**DATASET:**
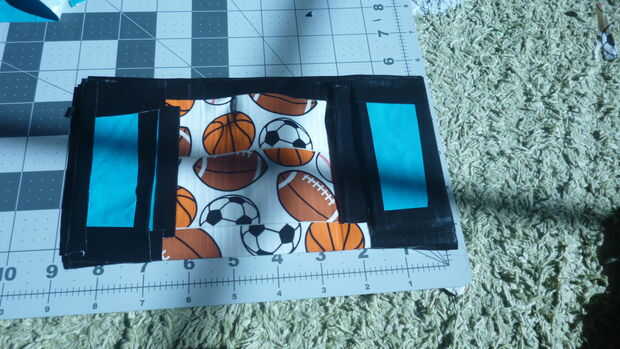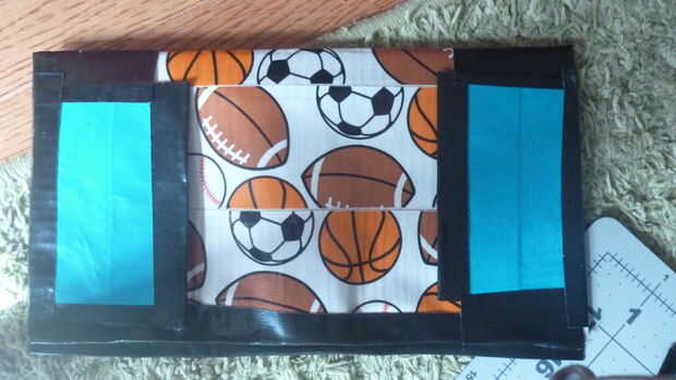 recordar que la mitad de la tira que guardaste? Bien cortado horizontalmente cada dos pulgadas. tomar una tira de 2 pulgadas y ponlo a un lado de las bolsas más grandes que usted acaba de hacer. lo mismo en el otro lado. luego gire hacia arriba en un ángulo de noventa grados y pegarlo en. hacer lo mismo con el otro, pero en el otro lado. ahora corte una tira de 9 pulgadas de cinta de tu segundo color, cortar por la mitad horizontalmente y cada una de esas tiras cortar por la mitad verticalmente. tomar uno y ponerlo en el lado de la billetera principal y doble sobre. lo mismo con el otro lado. ahora corte otra tira de cinta de 4 pulgadas de largo. cortar por la mitad verticalmente y luego corte cada lado por la mitad horizontalmente. tomar dos tiras y poner a cada lado de un pequeño bolsillo. cinta adhesiva sobre uno de los grandes bolsillos. lo mismo con el otro lado. Ahora toma las dos tiras la mitad y hacer lo mismo en los bolsillos de pequeños que usted hizo con los bolsillos grandes. recortar o doblar los bordes.
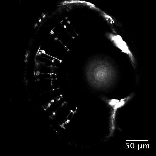 Bipolar cells in the retina of a zebrafish expressing the glutamate reporter iGluSnFR. These allow us to image individual vesicles released at active zones.
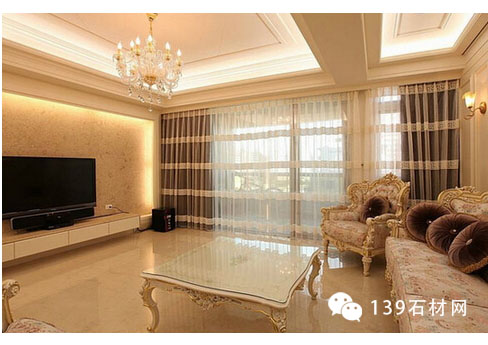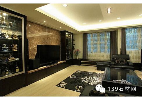 紋理豐澤的巴洛克大理石,從壁面延伸到電視柜平面,一體成形的設計,在周圍間接光源的襯飾下,更見大戶人家風范。
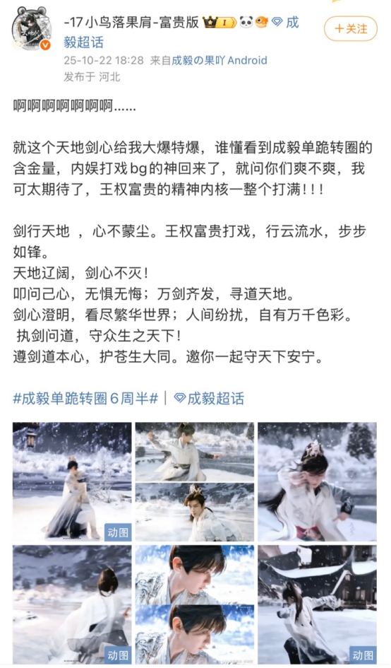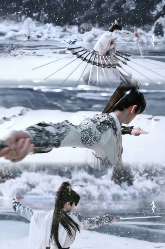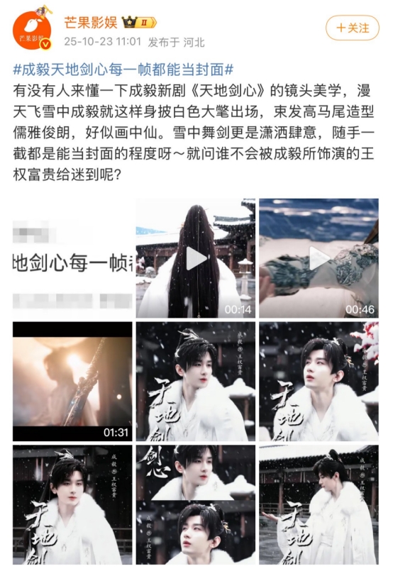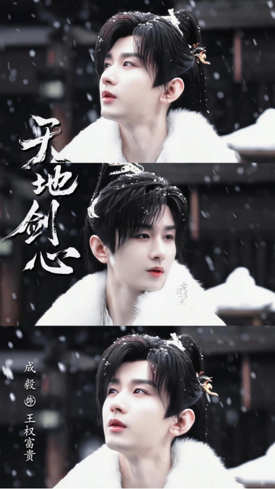 漫天飞雪场景下,成毅身披白色大氅,束高马尾挥剑,动作潇洒肆意,画面被赞“随手一截即封面”,兼具破碎感与肃杀美学。
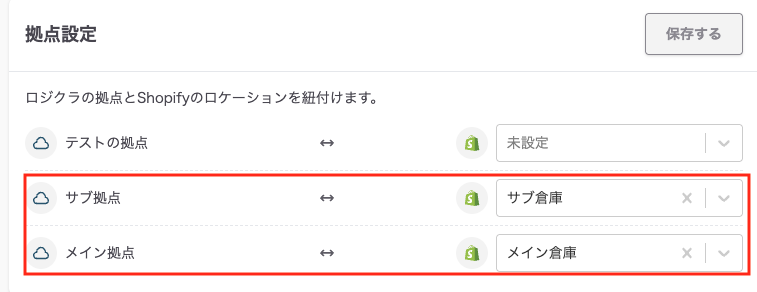 Shopify連携設定 > 拠点設定でロジクラの拠点とShopifyのロケーションが紐づいている
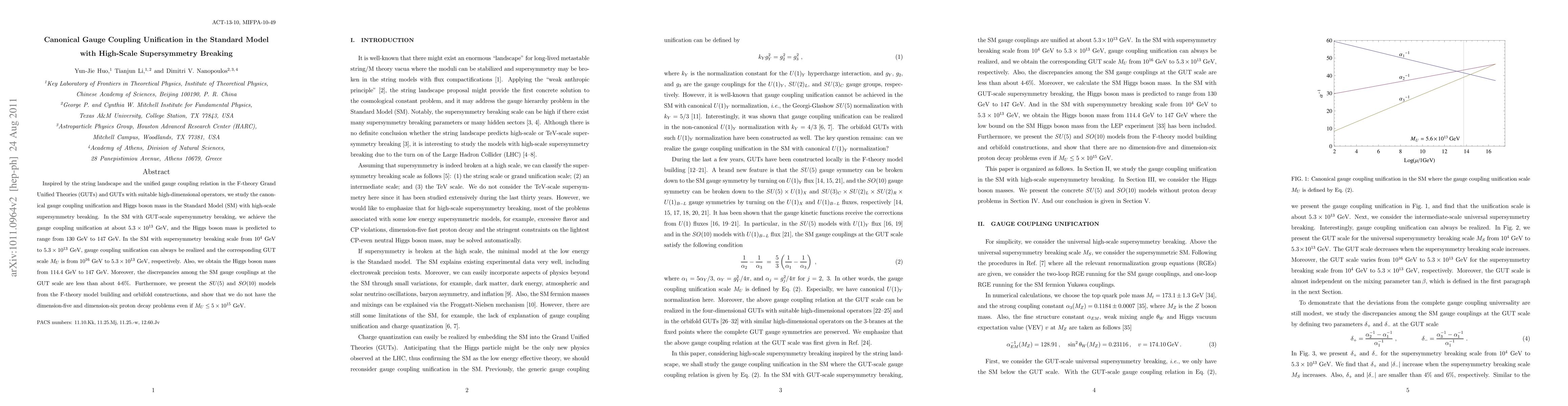 Inspired by the string landscape and the unified gauge coupling relation in the F-theory Grand Unified Theories (GUTs) and GUTs with suitable high-dimensional operators, we study the canonical gauge coupling unification and Higgs boson mass in the Standard Model (SM) with high-scale supersymmetry breaking. In the SM with GUT-scale supersymmetry breaking, we achieve the gauge coupling unification at about 5.3 x 10^{13} GeV, and the Higgs boson mass is predicted to range from 130 GeV to 147 GeV. In the SM with supersymmetry breaking scale from 10^4 GeV to 5.3 x 10^{13} GeV, gauge coupling unification can always be realized and the corresponding GUT scale M_U is from 10^{16} GeV to 5.3 x 10^{13} GeV, respectively. Also, we obtain the Higgs boson mass from 114.4 GeV to 147 GeV. Moreover, the discrepancies among the SM gauge couplings at the GUT scale are less than about 4-6%. Furthermore, we present the SU(5) and SO(10) models from the F-theory model building and orbifold constructions, and show that we do not have the dimension-five and dimension-six proton decay problems even if M_U \le 5 x 10^{15} GeV.
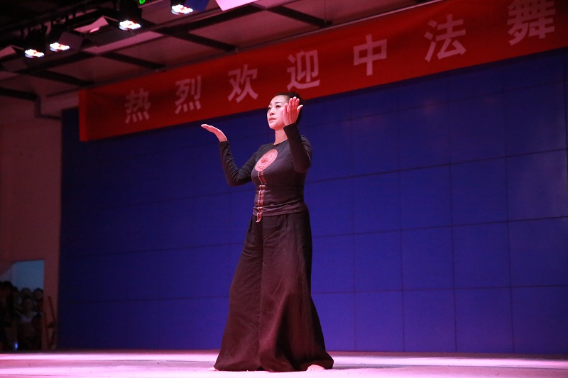 2015年10月30日18:30,在我校多功能大厅,中法舞蹈艺术碰撞交流会圆满成功。参加表演的主要有法国表现舞蹈团,校大学生舞蹈团,校太极武术队和校大学生Halo合唱团。中法艺术家共四人,分别是中国文化大使,中国文化养生专家,法国东方文化传播中心的创始人和总教练,国际健身气功联合会副主席,武当武术传承人Ken Wen,法国舞者Marceau Chenault, Isabelle Saulle,Adolfo Vargas。晚会中,校太极武术队带来的太极拳表演《明月清风》一招一式,阴阳相序,给观众留下来很多震撼。Ken Wen老师带来的气舞时柔时刚,令观众们大开眼界。吴新亮老师带来的太极拳体现了中国功夫独特的魅力。法国舞者带来的现代舞随性,生动,富有表现力,带观众领略的法国的浪漫风情。校大学生舞蹈团带来的群舞《走在山水间》,形象地表演体现了壮族人民的热情。最后在校大学生HALO合唱团为我们带来的《浦江祝福你》中温馨落下帷幕。

**REQUIRED ACTION:** The entries are to be written out again exactly, though without any images.

**RESULT:**
 recordar que la mitad de la tira que guardaste? Bien cortado horizontalmente cada dos pulgadas. tomar una tira de 2 pulgadas y ponlo a un lado de las bolsas más grandes que usted acaba de hacer. lo mismo en el otro lado. luego gire hacia arriba en un ángulo de noventa grados y pegarlo en. hacer lo mismo con el otro, pero en el otro lado. ahora corte una tira de 9 pulgadas de cinta de tu segundo color, cortar por la mitad horizontalmente y cada una de esas tiras cortar por la mitad verticalmente. tomar uno y ponerlo en el lado de la billetera principal y doble sobre. lo mismo con el otro lado. ahora corte otra tira de cinta de 4 pulgadas de largo. cortar por la mitad verticalmente y luego corte cada lado por la mitad horizontalmente. tomar dos tiras y poner a cada lado de un pequeño bolsillo. cinta adhesiva sobre uno de los grandes bolsillos. lo mismo con el otro lado. Ahora toma las dos tiras la mitad y hacer lo mismo en los bolsillos de pequeños que usted hizo con los bolsillos grandes. recortar o doblar los bordes.
 Bipolar cells in the retina of a zebrafish expressing the glutamate reporter iGluSnFR. These allow us to image individual vesicles released at active zones.
 紋理豐澤的巴洛克大理石,從壁面延伸到電視柜平面,一體成形的設計,在周圍間接光源的襯飾下,更見大戶人家風范。
 漫天飞雪场景下,成毅身披白色大氅,束高马尾挥剑,动作潇洒肆意,画面被赞“随手一截即封面”,兼具破碎感与肃杀美学。
 Shopify連携設定 > 拠点設定でロジクラの拠点とShopifyのロケーションが紐づいている
 Inspired by the string landscape and the unified gauge coupling relation in the F-theory Grand Unified Theories (GUTs) and GUTs with suitable high-dimensional operators, we study the canonical gauge coupling unification and Higgs boson mass in the Standard Model (SM) with high-scale supersymmetry breaking. In the SM with GUT-scale supersymmetry breaking, we achieve the gauge coupling unification at about 5.3 x 10^{13} GeV, and the Higgs boson mass is predicted to range from 130 GeV to 147 GeV. In the SM with supersymmetry breaking scale from 10^4 GeV to 5.3 x 10^{13} GeV, gauge coupling unification can always be realized and the corresponding GUT scale M_U is from 10^{16} GeV to 5.3 x 10^{13} GeV, respectively. Also, we obtain the Higgs boson mass from 114.4 GeV to 147 GeV. Moreover, the discrepancies among the SM gauge couplings at the GUT scale are less than about 4-6%. Furthermore, we present the SU(5) and SO(10) models from the F-theory model building and orbifold constructions, and show that we do not have the dimension-five and dimension-six proton decay problems even if M_U \le 5 x 10^{15} GeV.
 2015年10月30日18:30,在我校多功能大厅,中法舞蹈艺术碰撞交流会圆满成功。参加表演的主要有法国表现舞蹈团,校大学生舞蹈团,校太极武术队和校大学生Halo合唱团。中法艺术家共四人,分别是中国文化大使,中国文化养生专家,法国东方文化传播中心的创始人和总教练,国际健身气功联合会副主席,武当武术传承人Ken Wen,法国舞者Marceau Chenault, Isabelle Saulle,Adolfo Vargas。晚会中,校太极武术队带来的太极拳表演《明月清风》一招一式,阴阳相序,给观众留下来很多震撼。Ken Wen老师带来的气舞时柔时刚,令观众们大开眼界。吴新亮老师带来的太极拳体现了中国功夫独特的魅力。法国舞者带来的现代舞随性,生动,富有表现力,带观众领略的法国的浪漫风情。校大学生舞蹈团带来的群舞《走在山水间》,形象地表演体现了壮族人民的热情。最后在校大学生HALO合唱团为我们带来的《浦江祝福你》中温馨落下帷幕。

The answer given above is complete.